In 1975, Chalmers brought together 14 trials of ascorbic acid for the common cold, and combined the results from eight of them:

“These are minor and insignificant differences, but in most studies the severity of symptoms was significantly worse in the patients who received the placebo. … All differences in severity and duration were eliminated by analyzing only the data from those who did not know which drug they were taking. Since there are no data on the long-term toxicity of ascorbic acid when given in doses of 1g or more per day, it is concluded that the minor benefits of questionable validity are not worth the potential risk, no matter how small that might be.” [Chalmers 1975]

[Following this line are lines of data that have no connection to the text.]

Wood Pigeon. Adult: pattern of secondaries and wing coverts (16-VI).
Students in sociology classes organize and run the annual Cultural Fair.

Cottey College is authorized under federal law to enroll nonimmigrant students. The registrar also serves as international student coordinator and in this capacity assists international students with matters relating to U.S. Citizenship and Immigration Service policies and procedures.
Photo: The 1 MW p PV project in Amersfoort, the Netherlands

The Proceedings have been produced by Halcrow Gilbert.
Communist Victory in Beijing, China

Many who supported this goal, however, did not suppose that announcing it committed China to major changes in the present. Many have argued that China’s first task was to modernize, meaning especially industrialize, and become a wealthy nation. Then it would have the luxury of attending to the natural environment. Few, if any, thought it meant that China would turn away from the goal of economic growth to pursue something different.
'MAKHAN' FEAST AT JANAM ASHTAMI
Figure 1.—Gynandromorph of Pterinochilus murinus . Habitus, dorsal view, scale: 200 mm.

Collaboration and the 1980s

The following example from the start of the 1970s introduces the concept of the collaborative overview, in which researchers share their data. This need for researchers to collaborate together to ensure progress and reduce waste [Macleod et al. 2014] had been highlighted in the 1950s by Kety [Kety 1959]. This approach to research synthesis became more common during the following decade. In 1970, in an early example of an individual participant data meta-analysis [Clarke and Godwin 1998], the International Anticoagulant Review Group collected centrally and analysed original records for nearly 2500 patients from nine of ten identified trials to assess the effects of anticoagulant therapies after myocardial infarction. They wrote:

“Although we recognised that the best solution would be a new collaborative controlled trial in a large number of patients, we decided that this was, at that time, quite impracticable. As a potentially useful and simple alternative we agreed on a systematic review of the data on individual patients pooled from all the adequately controlled trials that had been published recently.” [International Anticoagulant Review Group 1970]

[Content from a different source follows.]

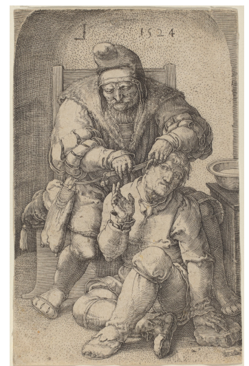
Fig 9. Lucas van Leyden, The Surgeon , 1524, etching, 11.7 x 7.6 cm, National Gallery of Art, Gift of the Estate of Leo

Such collaborative efforts became a feature of some large scale reviews in the 1980s, in particular in other areas of cardiovascular medicine and cancer [Stewart and Clarke 1995; Clarke et al. 1998]. For instance, in October 1984, people responsible for randomised trials of tamoxifen or chemotherapy for the treatment of women with breast cancer met at Heathrow Airport in London to share findings and conduct a meta-analysis of the aggregate results [Anon 1984]. They became the founders of the Early Breast Cancer Trialists’ Collaborative Group (EBCTCG) [EBCTCG 1990; Darby 2005]. In a short report in the Lancet, it was noted that:

“Since the future treatment of many women might be importantly affected by this – or a further – overview of all available trials those meeting agreed to explore the possibility of extending their collaboration to include the central review of individual patient data.” [Anon 1984]

Since then, the EBCTCG has conducted periodic reviews of the accumulating data from randomised trials of many aspects of the treatment of women with operable breast cancer, bringing further follow-up and additional trials into each cycle [EBCTCG 1988; EBCTCG 2012]. The EBCTCG was recently used as an example of the successful sharing of participant-level data from clinical trials [Varnai et al. 2014].

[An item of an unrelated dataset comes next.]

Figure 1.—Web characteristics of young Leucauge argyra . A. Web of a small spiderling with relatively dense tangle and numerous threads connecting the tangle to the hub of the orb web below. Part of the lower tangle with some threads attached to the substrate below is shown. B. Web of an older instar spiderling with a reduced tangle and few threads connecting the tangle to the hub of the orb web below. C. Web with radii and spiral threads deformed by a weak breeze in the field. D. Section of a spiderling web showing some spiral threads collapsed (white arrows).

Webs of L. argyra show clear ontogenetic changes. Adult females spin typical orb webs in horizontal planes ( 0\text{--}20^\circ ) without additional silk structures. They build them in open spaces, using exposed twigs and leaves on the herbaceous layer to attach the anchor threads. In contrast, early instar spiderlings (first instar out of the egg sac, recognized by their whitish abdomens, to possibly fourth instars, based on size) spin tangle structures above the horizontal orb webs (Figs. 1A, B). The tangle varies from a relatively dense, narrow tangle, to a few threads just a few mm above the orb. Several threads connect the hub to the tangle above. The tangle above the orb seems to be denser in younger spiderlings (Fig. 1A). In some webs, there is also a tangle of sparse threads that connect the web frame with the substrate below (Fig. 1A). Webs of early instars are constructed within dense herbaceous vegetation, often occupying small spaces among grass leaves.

The spirit of collaboration to resolve uncertainties in health care in the 1980s extended beyond the establishment of groups of researchers willing to share individual participant data for collaborative meta-analyses. A notable example is the considerable international collaboration that led to the preparation of a large collections of systematic reviews of controlled trials relevant to perinatal care [Chalmers et al.1989; Sinclair and Bracken 1992], and the use of electronic media to update and correct the reviews when necessary [Chalmers 1988] Looking back two decades later, Daniel Fox wrote:

“The influence … on policy was mainly a result of … powerful blending of the rhetoric of scientific and polemical discourse, especially but not exclusively in ECPC; a growing constituency for systematic reviews as a source of ‘evidence-based’ health care among clinicians, journalists, and consumers in many countries; and recognition by significant policymakers who allocate resources to and within the health sector that systematic reviews could contribute to making health care more effective and to containing the growth of costs.” [Fox 2011]

Cochrane Collaboration

Towards the end of the 1970s, in what might be considered to be a rallying call for evidence synthesis (Chalmers 2006), Archie Cochrane had written:

“It is surely a great criticism of our profession that we have not organised a critical summary, by speciality or subspeciality, adapted periodically, of all relevant randomised controlled trials” [Cochrane 1979].

At the end of the following decade, he used the phrase “systematic review” in the foreword to the afore-mentioned compilation of evidence syntheses of maternity care interventions:

“The systematic review of the randomized trials of obstetric practice that is presented in this book is a new achievement. It represents a real milestone in the history of randomized trials and in the evaluation of care, and I hope that it will be widely copied by other medical specialties.” [Cochrane 1989]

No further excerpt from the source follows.